- Education: Ph.D. University of British Columbia BA.Sc. University of British Columbia
- Scientific career
- Fields: environmental health, fire
- Workplaces: Environmental Health Services, BC Centre for Disease Control
- Website: http://www.spph.ubc.ca/person/sarah-henderson/

= Sarah B. Henderson =

Canadian environmental health scientist

Sarah B. Henderson (born January 8, 1978) is a senior environmental health scientist at the British Columbia Centre for Disease Control and a public health professor at the University of British Columbia.

==Early life and education ==
Henderson was born in Toronto, Ontario, and excelled in math and science classes which led to pursue scientific fields later in life. Henderson earned a bachelor of applied science (BASc) from the University of British Columbia in 2000, focusing on environmental engineering. She worked in the field of pollution control and reduction. She also worked in Uganda developing gravity fed water systems before earning her Ph.D. Henderson then switched her focus from environmental engineering to environmental epidemiology and earned a PhD from University of British Columbia in 2009.

== Research and career ==
As the senior environmental health scientist at the BC Centre for Disease Control, Henderson leads in research focused on environmental health and safety, including air pollution from wildfires, and extreme weather events that is then applied for policy within British Columbia. Her most recognized research has projected the health impacts, including respiratory and cardiovascular health, and global mortality impacts, as a result of smoke exposure from wildfires. The research on global mortality impacts was the culmination of her post doctorate work and brought wildfire smoke into perspective on the global scale. Some of her more current research has focused on improving the methods to predict the minimum height of forest fire smoke within the atmosphere, including using machine learning and data from the CALIPSO satellite to better assess population exposure to forest fire smoke. She has also researched the comparative health impacts of smoke from wild versus prescribed fires, in order to better understand the health impacts of varying smoke regimes.

=== Public engagement ===
Henderson has spoken on a variety of news outlets, including CityNews Vancouver and CBC News Network, informing viewers about the health precautions they should take because of poor air quality from wildfires. She has advised those with pre-existing conditions (including asthma, and COPD), pregnant women, young children, and the elderly to take extra care because they will have a harder time breathing the smokier air. Henderson has suggested precautions such as spending time in clean air shelters, such as community centers, shopping malls, and libraries, or investing in an air cleaner for your house.
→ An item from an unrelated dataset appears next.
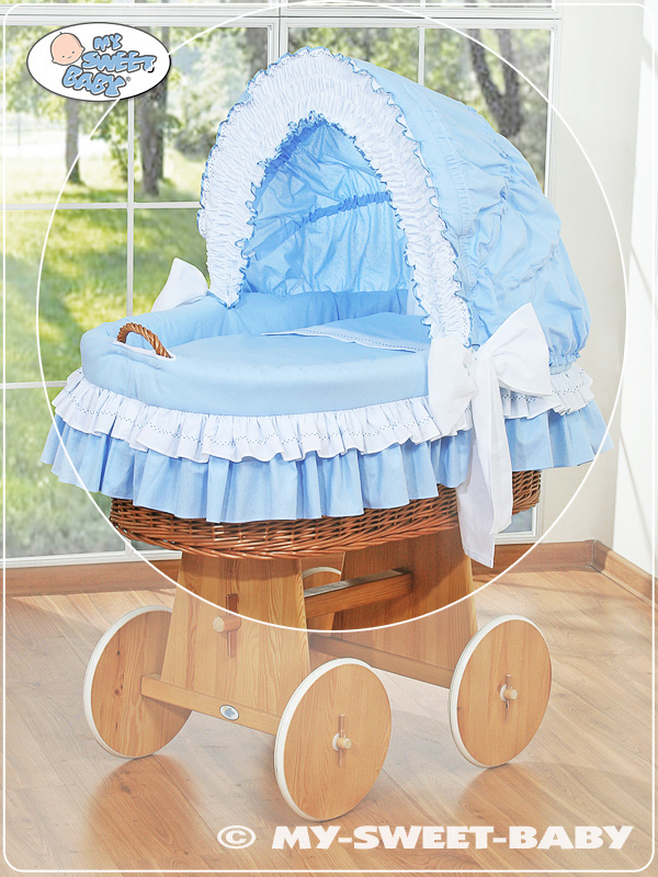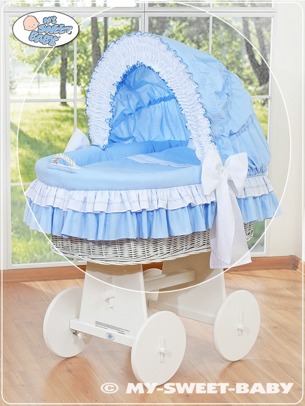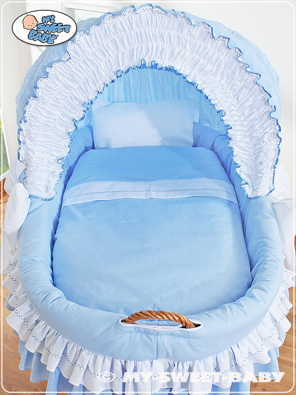 Hjemmeside » Kurvevugge » Flettet vugge med kaleche på hjul » Ekstra vuggesæt 4-delt » Nyt ekstra sengesæt af betræk for flettet babykurv Blå

== Selected publications ==

- Application of land use regression to estimate long-term concentrations of traffic-related nitrogen oxides and fine particulate matter in Environmental science & technology, 2007
- Estimated global mortality attributable to smoke from landscape fires, in Environmental health perspectives, 2012
- Temporal stability of land use regression models for traffic-related air pollution R Wang, SB Henderson, H Sbihi, RW Allen, M Brauer – Atmospheric Environment, 2013
- Three measures of forest fire smoke exposure and their associations with respiratory and cardiovascular health outcomes in a population-based cohort, in Environmental Health Perspectives, 2011
- Correlation between co-exposures to noise and air pollution from traffic sources, in Occupational and Environmental Medicine, 2009
- Exposure assessment for estimation of the global burden of disease attributable to outdoor air pollution, in Environmental Science & Technology, 2012
- Extreme air pollution events from bushfires and dust storms and their association with mortality in Sydney, Australia 1994–2007, in Environmental Research, 2011

== Awards and recognition ==
Named a Leader in Fire Science for her notable work on health impacts and mortality rates as related to smoke exposure, as related to forest fires.